SHORT-TERM/ IMMEDIATE GOALS (less than 1 year)
- Get on a Budget and Maintain a Budget
- Establish an Emergency Fund
- Buy Life Insurance
- Setup your Essential Accounts: HSA, 401(k), IRA (Roth, traditional)
Medium-term Goals (1-3 years)
- Create and Establish Living Trust
- Dream BIG(GER), review and revamp goals as needed
- Side-Gig (think Phase 1 and 2 from Rachel’s book)

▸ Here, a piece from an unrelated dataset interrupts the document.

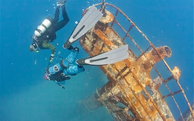 Explore historic shipwrecks guided by a dive master for an unforgettable 4-hour underwater adventure.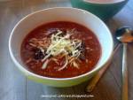 ZUPA TACO 372gotowy. Podaję przykładowe ilości, dosmaczenie to rzecz gustu, zupa powinna być pikantna, dość gęsta, no i przepyszna. Inspiracją był przepis znaleziony tutaj . Składniki: - 1kg mielonego mięsa (u mnie łopatka) - 2 duże cebule - 1 świeża papryka (u mnie 1/2 czerwonej i 1/2 zielonej) - 6 ząbków czosnku (może być cała główka) - puszka pomidorów krojonych, bez skóry - passata pomidorowa - bulion (najlepiej domowy(...)cebula się zeszkli dodajemy mielone mięso, doprawiamy przyprawą do dań meksykańskich, dodajemy także chili i smażymy. Do podsmażonego mięsa dodajemy pomidory z puszki, wlewamy passatę pomidorową, dolewamy bulion i gotujemy całość ok. 20 minut. Na końcu doprawiamy solą, pieprzem, słodką papryką i ewentualnie dosypujemy jeszcze chili. Gdy zupa jest zbyt gęsta dolewamy także gorącą wodę. Podajemy gorącą, posypaną nachos

- Aggressively Hammer away at Debt
Longer-term Goals (4+ years)
- College Savings
- Wedding Savings
- Recreational Investing
- Down Payment for Home, or Investment Property
Retirement Goals (10+ years, varies)
- Fine-tune your 401(k), IRAs, HSAs,
- Continue to review the Living Trust
- Estate Management and an Inheritance
- Insurance (Long-term Care, Life, etc.)
Family Finances: Working with a Family Financial Advisor
Following the steps outlined above will give you a template to work off of, but sometimes that’s just not enough and a professional might be required. Especially for highly nuanced or complicated financial matters. At any rate, know your limit, and don’t be afraid to enlist the professional services of a Family Financial Advisor.
There are always “wolves in sheep’s clothing” wandering around, and a few careful intentional questions and research can save you a lot of pain and money. Warning aside, if that route is what you need, I recommend asking people you trust for referrals or recommendations on services. My wife and I found an excellent attorney and accountant this way, and they form the bulwark of our family financial advisor questions.
I highly recommend doing your homework and asking potential advisors for reviews or referrals to corroborate their stories. Another important piece to consider is how they are going to charge you. Is it a flat rate? Is it by the hour? Upon delivery of a product (e.g. Living Trust)? Additionally, ask them for an explanation of their relative area of expertise. Are you using a general advisor, or is this person qualified to speak to technical financial areas within the realm of “family finances”? Check out more suggested questions, here.
Mêtis in our Family Finances
My wife and I started small, climbed, climbed some more, and are still climbing. I don’t think we’ll ever truly be “done” with family financial planning, and I’m really proud of the progress we’ve made so far.
Modest milestones for us were hitting our emergency fund goal, successfully operating our budget each week, establishing a living trust, setting up life insurance, and paying off $50K of debt. I say this not to brag, but to encourage those who are getting started. You’ll be surprised and encouraged by what you can do in a relatively short time!